DE10115717A1 - Memory redundant system uses a contents addressable memory to store addresses of defect cells - Google Patents

Abstract

The system uses a contents addressable memory, CAM, to contain the addresses of defective cells within the primary memory. The redundant memory is coupled to the CAM and stores data that relates to the defective cells.. An enable signal allows the CAM to access the redundant memory content.

Description

The invention relates generally to computer memory systems. The invention particularly relates to Ver drive and devices for storing and processing redundant data.

During the manufacture of memory devices one or more specific locations within a single storage device may become defective. When a Microprocessor tries to store data on a defective memory position, then the data is saved or not saved. For example, if the defective bottom sition is permanently locked in the "1" state, then a "0" data bit can never be saved. If similar a microprocessor tries to read the data, which are stored in the defective position, then can the data reading may be accurate or not accurate. The circuit arrangement periphery to the storage positions can save the become defective. A row decoder can, for example fail for a special row address, or a word line can be faulty. Typical storage devices can store millions of locations, rows, and word lines included, some of which may be defective can. A storage device that has a single defect contains any type is a defective memory contraption. Defective memory devices are becoming common thrown away as unusable. Therefore, defects limit us significantly the yield of a memory device manufacturer procedure.

The problems posed by memory defects are all the more serious if the memory is in another Device such. B. an integrated RAM (Random  Access Memory = cache in a Mi microprocessor chip, is embedded or integrated. At the In this case, the storage yield is the dominant one Yield driver of the host chip. To further ver the matter worse, it is hard to due to built-in memory the lack of direct access to the entrances and Outputs of this memory to test.

The object of the present invention is a Device, a method for data storage and a Data recovery procedures that create a Allow use of defective storage devices.

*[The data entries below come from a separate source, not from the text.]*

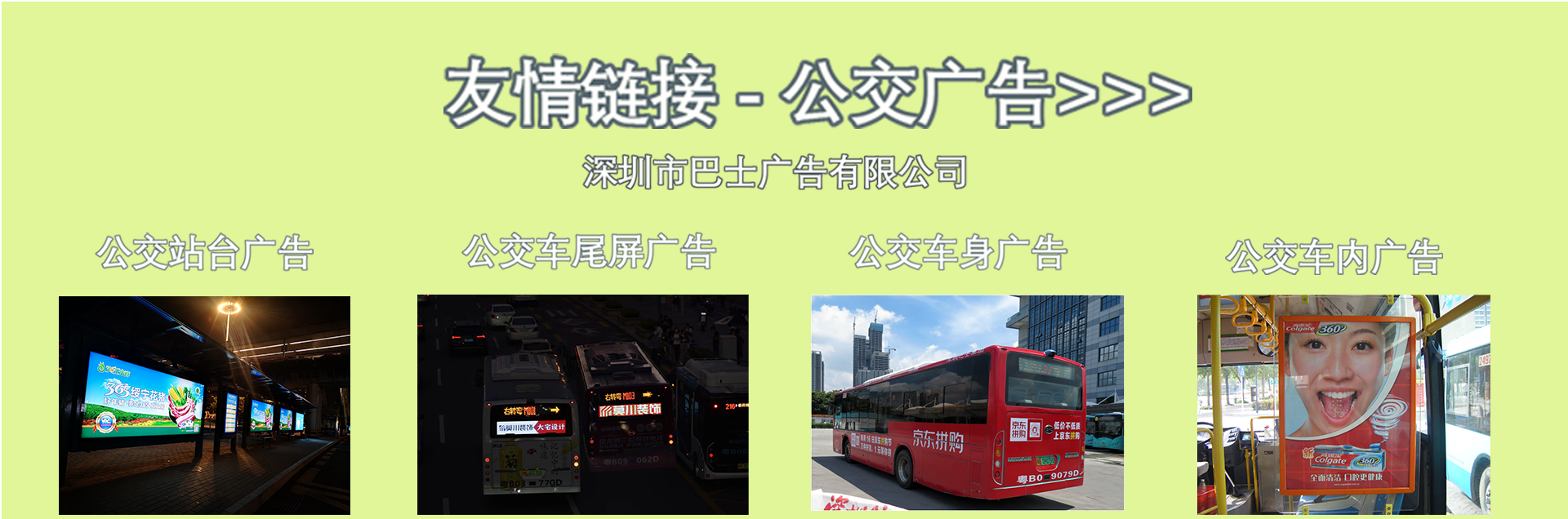 深圳戶外廣告媒體簡介 深圳東、西部公交車身廣告 深圳高鐵廣告 深圳高速收費站廣告 深圳電梯廣告 深圳戶外LED廣告 深圳社區燈箱廣告 深圳出租車尾貼廣告 深圳道閘廣告 深圳門禁廣告 深圳山姆會員店廣告 深圳戶外大牌廣告 深圳地鐵3.6.10.12.14.16號線廣告 深圳地鐵1.2.5.7.9.11號線廣告 深圳地鐵拉手廣告 深圳地鐵移動電視廣告 深圳地鐵出入口媒體廣告 友情鏈接 - 巴士公交廣告>>>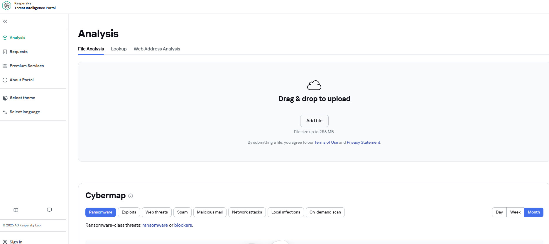 Данный сервис пришел на смену старому Virus Desk, только теперь здесь предоставляется в разы больше данных. Это целая аналитическая система, которая в режиме реального времени проводит анализ, мониторинг со всех сервисов Касперского.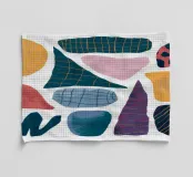 Una composizione astratta di forme assemblate con varie texture e motivi, tra cui griglie e punti. La sofisticata palette di colori e la disposizione equilibrata le conferiscono un'atmosfera da metà secolo moderno.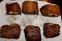ribs from the remaining liquid. I cut the short ribs into 1-2 inch cubes and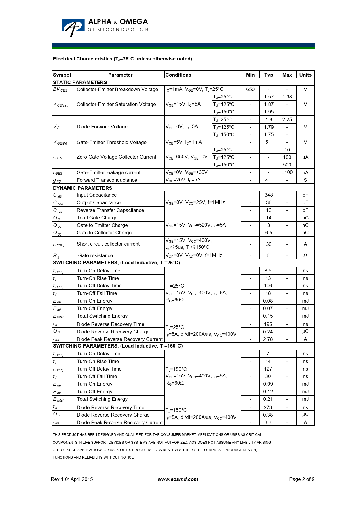 t D(on) Turn-On DelayTime - 7 - ns t r Turn-On Rise Time - 14 - ns t D(off) Turn-Off Delay Time T - 127 - ns J=150°C t Turn-Off Fall Time V f GE=15V, VCC=400V, IC=5A, - 30 - ns E R on Turn-On Energy G=60Ω - 0.09 - mJ E off Turn-Off Energy - 0.12 - mJ E total Total Switching Energy - 0.21 - mJ t rr Diode Reverse Recovery Time - 273 - ns TJ=150°C Q rr Diode Reverse Recovery Charge - 0.38 - µC IF=5A, dI/dt=200A/µs, VCC=400V I rm Diode Peak Reverse Recovery Current - 3.3 - A THIS PRODUCT HAS BEEN DESIGNED AND QUALIFIED FOR THE CONSUMER MARKET. APPLICATIONS OR USES AS CRITICAL COMPONENTS IN LIFE SUPPORT DEVICES OR SYSTEMS ARE NOT AUTHORIZED. AOS DOES NOT ASSUME ANY LIABILITY ARISING OUT OF SUCH APPLICATIONS OR USES OF ITS PRODUCTS. AOS RESERVES THE RIGHT TO IMPROVE PRODUCT DESIGN, FUNCTIONS AND RELIABILITY WITHOUT NOTICE. Rev.1.0: April 2015

In one respect, the invention is an apparatus. The Device has a primary memory, a CAM (= Con tent addressable memory), an address bus, a redundant memory, a data bus and an enable signal line. The primary storage is possibly defective in that, for example, Spei cells, word lines or row decoder defects can point. The CAM contains addresses of cells that are in the primary memory is defective. The address bus connects the primary memory and the CAM. The redundant memory is connected to the CAM. On data from the defective cells can be accessed in the redundant memory. The Data bus is with the primary memory and the redundant Memory connected. The enable signal line gives from that CAM to the primary storage. If an address in the Address bus matches an address that is in the CAM is saved, the CAM accesses the redundant memory according to the address, connects the redundant memory cher with the data bus and provides the enable signal line in a first state, whereby a connection between primary memory and the data bus is prevented. If an address in the address bus does not match any matches the stored address in the CAM, then the CAM places the enable signal line in a second State on, creating a connection between the primary  memory and the data bus is released or activated becomes.

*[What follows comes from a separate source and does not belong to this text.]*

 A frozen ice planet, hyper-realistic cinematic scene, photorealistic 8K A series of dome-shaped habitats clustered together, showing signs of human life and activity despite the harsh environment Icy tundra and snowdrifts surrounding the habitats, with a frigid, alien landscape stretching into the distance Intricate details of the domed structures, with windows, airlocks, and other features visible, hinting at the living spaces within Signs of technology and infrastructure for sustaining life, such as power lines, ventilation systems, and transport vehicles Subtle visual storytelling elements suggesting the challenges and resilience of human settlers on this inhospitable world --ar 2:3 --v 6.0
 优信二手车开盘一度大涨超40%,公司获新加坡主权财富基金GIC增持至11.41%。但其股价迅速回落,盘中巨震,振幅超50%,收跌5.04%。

In another aspect, the invention is a method for data storage for use with a possibly defective primary memory and a redundant memory. The method has the steps of receiving minde least part of a memory address, the reception ner plurality of data bits that are to be stored in the pri march storage at a location based on the storage address are determined, and querying a CAM with min least part of the memory address. If the mind at least part of the memory address found in the CAM the method stores all of the plurality of data bits in the redundant memory.

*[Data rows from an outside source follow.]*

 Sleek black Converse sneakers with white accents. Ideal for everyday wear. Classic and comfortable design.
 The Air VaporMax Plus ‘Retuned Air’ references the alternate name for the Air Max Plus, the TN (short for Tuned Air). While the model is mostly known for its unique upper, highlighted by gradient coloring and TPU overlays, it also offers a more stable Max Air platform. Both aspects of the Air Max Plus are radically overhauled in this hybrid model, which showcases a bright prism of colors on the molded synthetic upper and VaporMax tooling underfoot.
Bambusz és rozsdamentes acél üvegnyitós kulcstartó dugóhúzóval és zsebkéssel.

In yet another aspect, the invention is a ver drive to data recovery for use with a possibly defective primary storage and a redundant memory. The procedure has the steps of receiving gens of at least part of a memory address and querying a CAM with the at least part of the Memory address. If the at least part of the Memory address is not found in the CAM, then ge the method extracts a data word in its entirety the primary storage again. If, on the other hand, the least part of the memory address in the CAM is found, ge the method extracts a data word in its entirety the redundant memory again.

Compared to the prior art, certain embodiments of the invention can achieve certain advantages including the following advantages:

• 1. an improved yield for memory devices and other devices that have built-in memory contain;  
• 2. the repair of defects, the large blocks such. B. ruin a row of a memory, as well as of Defects, the separate positions in a memory influence; and
• 3. an adaptable self-compensation of defects in memories such as B. integrated storage that cannot be accessed directly.

Preferred embodiments of the present invention are below referring to the attached drawing nations explained in more detail. Show it:

Fig. 1 is a block diagram of a memory system;

Figure 2 is a block diagram of a system with a redundant memory according to an embodiment of the invention.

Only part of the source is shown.